Tony Trabert - Retirement

Retirement

In 1971, he began a 33-year career as a tennis and golf analyst for CBS covering such events as the US Open. During many of these years he teamed with Pat Summerall and was the lead expert commentator at the US Open. The popularity of their broadcasts helped propel the US Open into an annual financial success for CBS and the U.S. Tennis Association. He was also the US Davis team Captain from 1976 to 1980. Tony's captaincy is remembered by his frustration in dealing with the egos of younger players like John McEnroe, and for his racket-wielding expulsion of an apartheid protest demonstrator during a Davis Cup match against South Africa at the Newport Beach Tennis Club in California in April 1977. He is also a tennis author and a motivation speaker.

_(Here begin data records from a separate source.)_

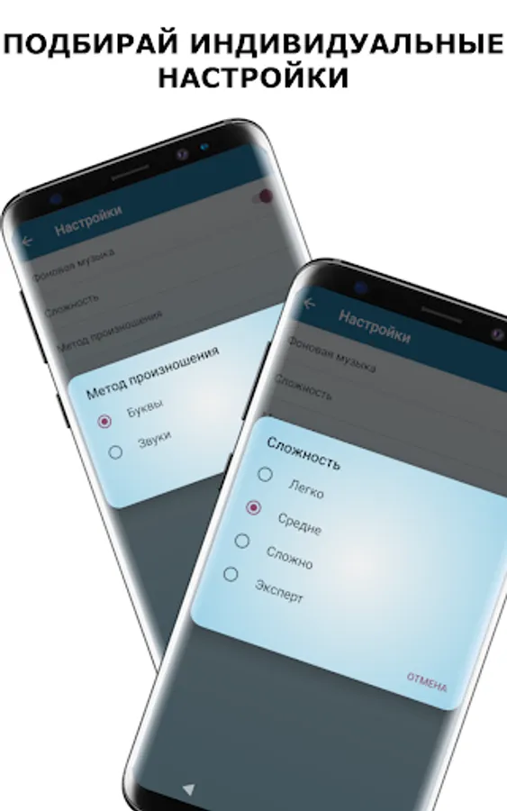 The game features two methods of syllable division: classical syllables and "warehouses" according to the Zaitsev method, which can be changed in the application settings.
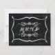 FÄRGPALETT: Svart och vitt DESIGNKOLLEKTION: Matchande RSVP-svarskort. En mycket modern men vintageinspirerad stil, en svart tavla typografisk typsnittskollektion för bröllopsinbjudan med matchande artiklar för en samling produkter som behövs för att göra din speciella dag komplett! En handritad krita virvlande ram med prickar omger en böjd text, virvlad, textart "join us" tillsammans med era namn, texten för bröllopsinbjudan och platsen. Det finns utsmyckade virvlande avdelare och ett gammaldags diagonalt "och"-et-tecken. På baksidan finns er monogram, era namn och datum med en matchande virvlande ram och koordinerande kant.
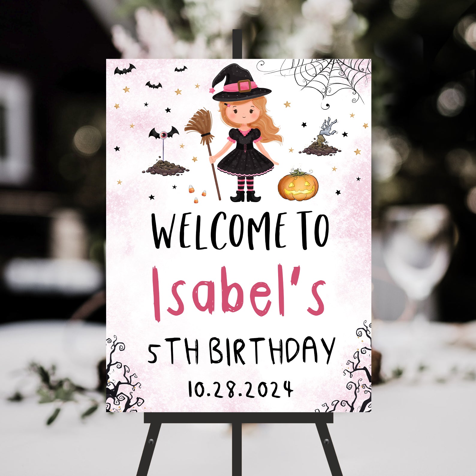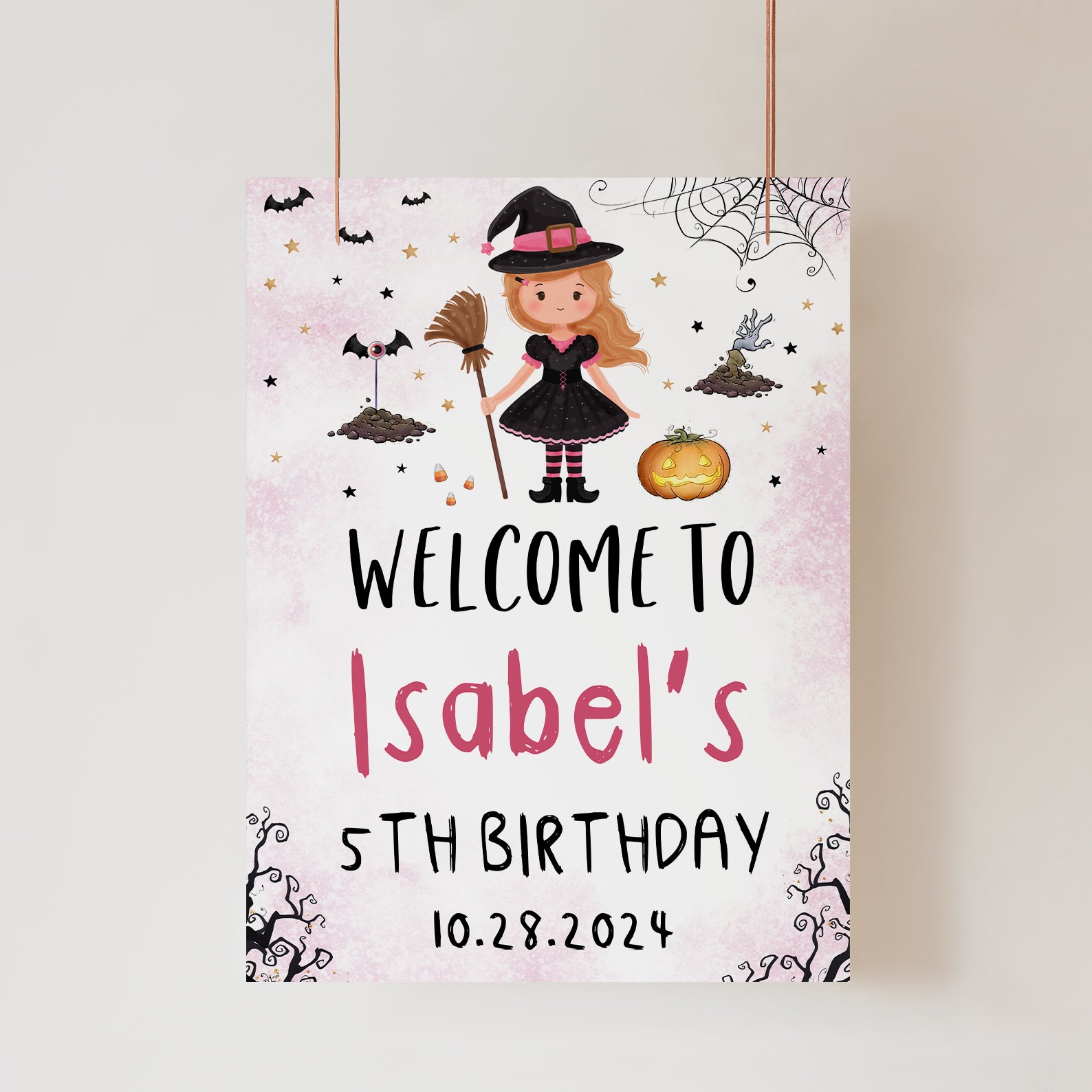 - Purchase this 5th Halloween Birthday Welcome Sign: Pink Witch Party for Girls template
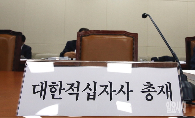 23일, 서울 여의도 국회 보건복지위원회 회의실에서 열린 대한적십자사 등에 대한 국정감사가 열린 가운데, 김성주 대한적십자사 총재 증인석이 비어 있다.
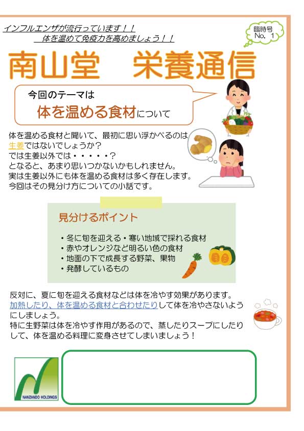 【栄養通信臨時号12】を掲載しました。今回のテーマは「簡単 正月太り改善レシピ」です。
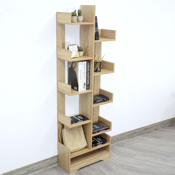 Kệ sách hình cây đa năng có nhiều ngăn lưu trữ sách vở, tài liệu, đồ đạc... Không kén chọn không gian, thích hợp với mọi phong cách bài trí decor nội thất.
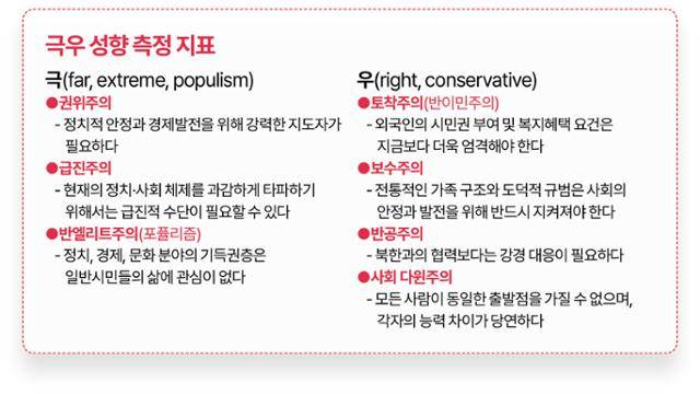 그래서 이번 연구에선 '극'으로는 권위주의, 급진주의, 반엘리트주의(포퓰리즘) 등 3가지 요소를 제시했다. '우'로는 토착주의(반이민주의), 보수주의, 반공주의, 사회다윈주의 등 4가지 요소를 제시했다. 이 7개 요소에 동의하면 극우로 분류했다.

Forty years after his matches with Gonzales, Trabert told interviewer Joe McCauley "that Gonzales' serve was the telling factor on their tour — it was so good that it earned him many cheap points. Trabert felt that, while he had the better ground-strokes, he could not match Pancho's big, fluent service."

In 2004, Trabert announced his retirement from broadcasting while commentating at the Wimbledon Championships in London.

Trabert was inducted into the International Tennis Hall of Fame in Newport, Rhode Island in 1970.